The file driving a post is laid out like so:


---
title: My title
date: 2025-04-25
tags: helpful, tags
description: SEO description
---
{markdown content}

splitFrontMatter will automatically parse out everything between the --- marks and uses each key as an entry to the Meta dictionary. We can then use these keys in our HTML template.


{{ $parsed := splitFrontMatter $content }}
{{ if $parsed }}
  {{ $title := $parsed.Meta.title }}
  {{ $date := $parsed.Meta.date }}
  {{ $tags := $parsed.Meta.tags }}
  
  <section class="blog post-item">
    <h2><a href="/post/{{ $file }}">{{ $title }}</a></h2>
    <div class="post-meta mono">
    <time datetime={{ $date }}>{{ $date | htmlDate }}</time>
      {{ if $tags }}
        <span class="post-tags">{{ $tags }}</span>
      {{ end }}
    </div>
    <div class="post-content">
      {{ markdown $parsed.Body }}
    </div>
  </section>
{{ end }}

I was surprised with how intuitive it was to get things set up once I discovered the proper functions to do so.
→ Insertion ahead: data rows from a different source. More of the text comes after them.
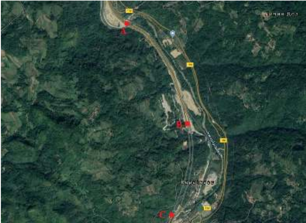
Figure 1 The subject road

Realization of this variant solution is constructed through the phases. Based on previously collected data, designing has begun and afterwards and performing. Immediately after works completion it has come to the stability disruption of conditionally stable slope and landslide activation just in front of the tunnel (Figure 2). Formed landslide was threatening the highway route, performed slopes and support structures but also structures beyond expropriation on the slope.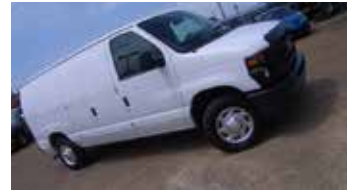
2013 FORD E-150 E-150 COMMERCIAL $18,988 12608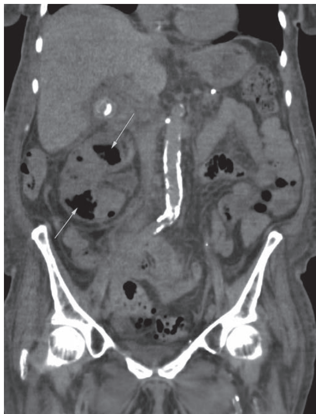
Fig 2. CT scan with unenhanced coronal section images with arrows showing intra-substance gas within the right kidney.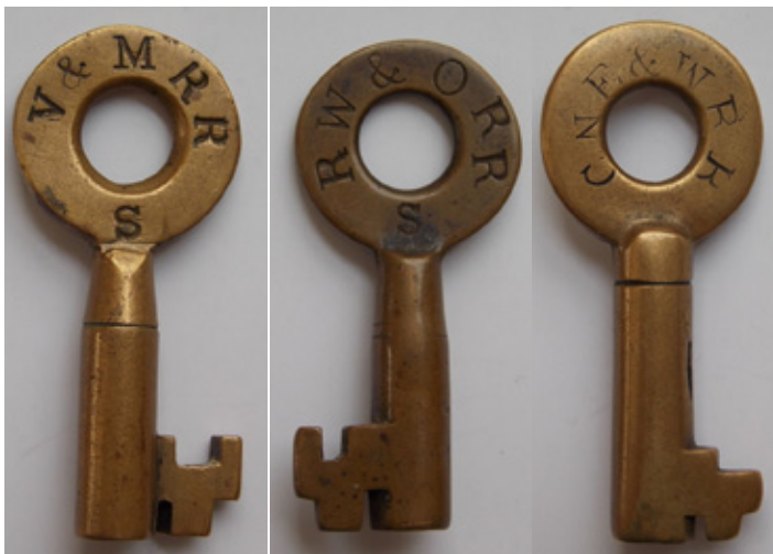
Some of the scarce switch keys in the sale: Vermont & Massachusetts ($375), Rome Watertown & Ogdensburg ($190), Central New England & Western ($350).

Caddy is made with Golang and comes with a variety of helpful packages for template rendering:

  • Caddy itself: Contains most of the functions for manipulating files
  • Sprig: Contains the functions to format strings & dates, reverse lists, and much more
  • Golang text/template package: Necessary reference for the syntax driving the templating engine

Hello World

After many futile attempts to start blogging, I decided to start small with link posts and a more freeform feed.

I became a fan of Simon Willison's blog and was inspired by his post on how to run a link blog

Of course, before I could get started, I had to ask myself how I was going to manage this feed a.k.a procrastinating on the hard task of actually writing.

Since I already knew a bit about Caddy's templating system, I was aware of the possibilities of building the feed without using Hugo, Gatsby, Python, etc. So with a bit of help from Aider (not as much as I would have liked, it got most of the functions wrong), I finally have my own link feed.

My first series of posts will focus on how the techniques I used to set it up in case you want to do it yourself.